#### Work request
Output all of the lines below exactly, and leave out each image.
Provided data: Begin
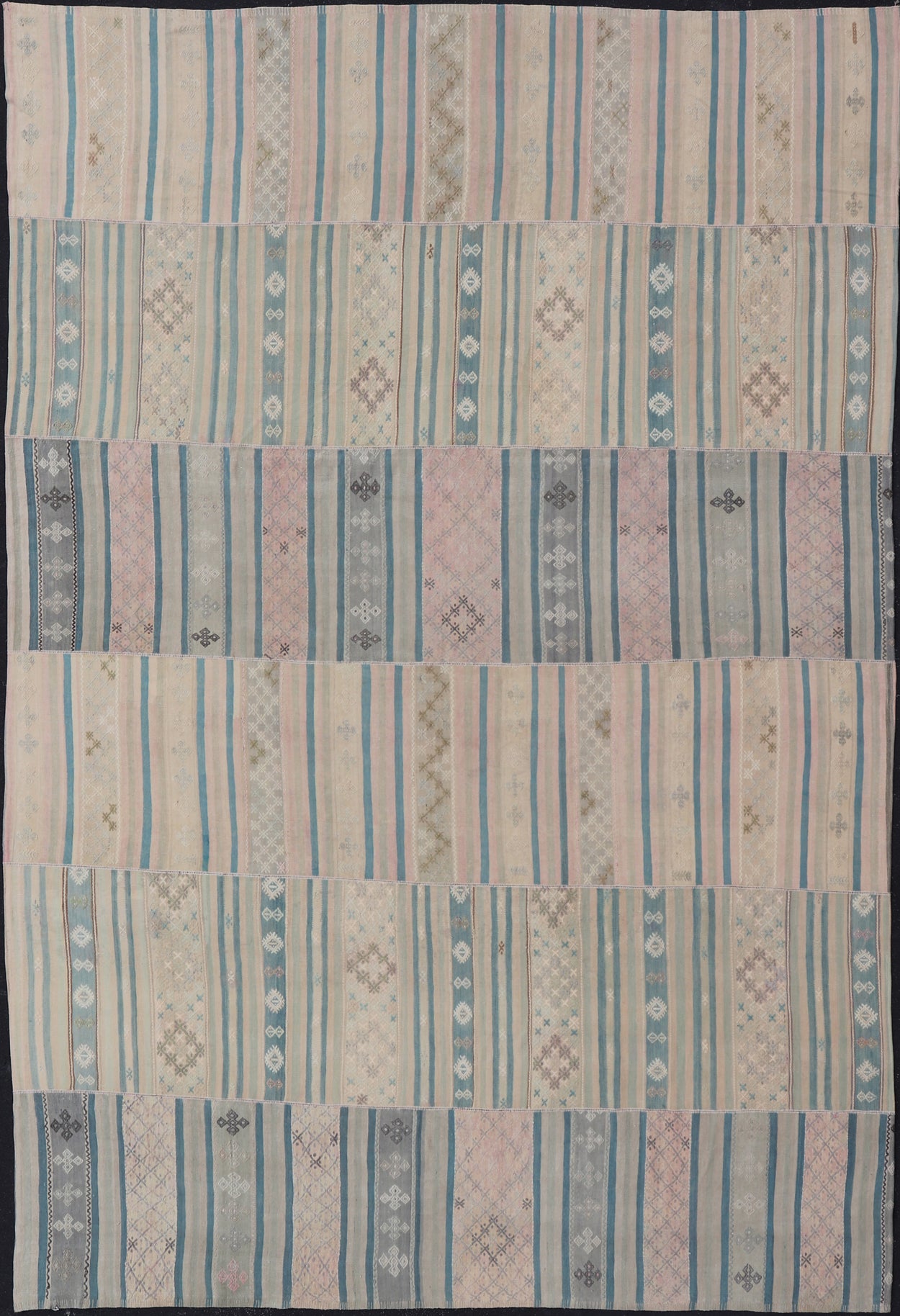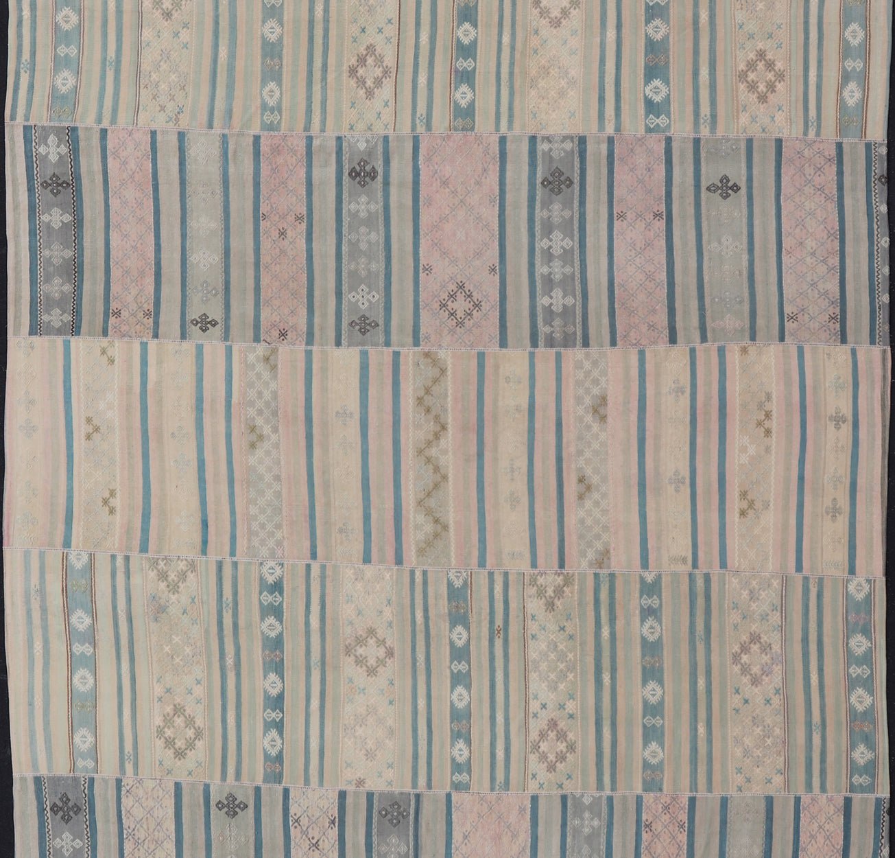 Large Vintage Paneled Kilim Flat-Weave in Blue, Pink, Taupe, Gray, Light brown, Keivan Woven Arts /rug / EN-14433, country of origin / type: Turkey / Kilim 1950s
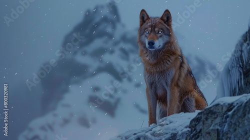 Obraz premium Siberian wolf, mountain, snow generative ai
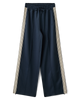 CMADA-SWEATPANTS ist eine High-Waist-Trackpant mit versteckten Reißverschlüssen an den weiten Beinen, seitlichen Taschen, elastischem Bund mit Kordelzug, gesticktem Logodetail und Bügelfalten vorne für einen schicken Knitter-Look.
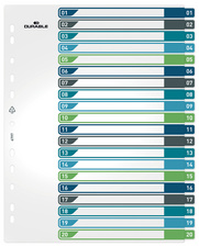 DURABLE Intercalaire en plastique, numérique, A4+, 5 touches – 1 – 5, blanc, perforation universelle, hauteur complète, avec onglets colorés, couverture d’index imprimable, en PP, avec couverture, extra-large, n’altère pas les documents, dimensions: (L)230 x (H)297 mm (679327)
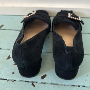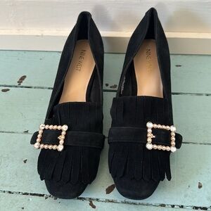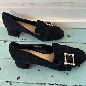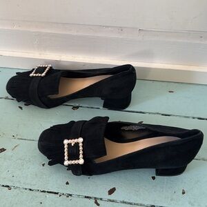 Nine West black canary suede loafers with faux pearl and crystal buckle and fringed vamp. 1.5in block heel. Rounded Square toe. Beautiful and cute !!! This shoe can be dressed up for dinner . Great worn with slacks or skinny pants or jeans.
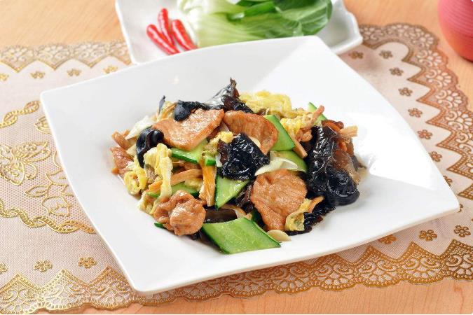 十、木须肉 木须肉也叫苜蓿肉,由猪肉片、鸡蛋、黄瓜和黑木耳混炒组成,营养丰富,口感鲜香,老少皆宜,这样的荤素搭配组合,适合大部分人群,肉质滑嫩,黄瓜清脆。
Provided data: End
#### Result for this exercise
 Large Vintage Paneled Kilim Flat-Weave in Blue, Pink, Taupe, Gray, Light brown, Keivan Woven Arts /rug / EN-14433, country of origin / type: Turkey / Kilim 1950s
 Obraz premium Siberian wolf, mountain, snow generative ai
 CMADA-SWEATPANTS ist eine High-Waist-Trackpant mit versteckten Reißverschlüssen an den weiten Beinen, seitlichen Taschen, elastischem Bund mit Kordelzug, gesticktem Logodetail und Bügelfalten vorne für einen schicken Knitter-Look.
 DURABLE Intercalaire en plastique, numérique, A4+, 5 touches – 1 – 5, blanc, perforation universelle, hauteur complète, avec onglets colorés, couverture d’index imprimable, en PP, avec couverture, extra-large, n’altère pas les documents, dimensions: (L)230 x (H)297 mm (679327)
 Nine West black canary suede loafers with faux pearl and crystal buckle and fringed vamp. 1.5in block heel. Rounded Square toe. Beautiful and cute !!! This shoe can be dressed up for dinner . Great worn with slacks or skinny pants or jeans.
 十、木须肉 木须肉也叫苜蓿肉,由猪肉片、鸡蛋、黄瓜和黑木耳混炒组成,营养丰富,口感鲜香,老少皆宜,这样的荤素搭配组合,适合大部分人群,肉质滑嫩,黄瓜清脆。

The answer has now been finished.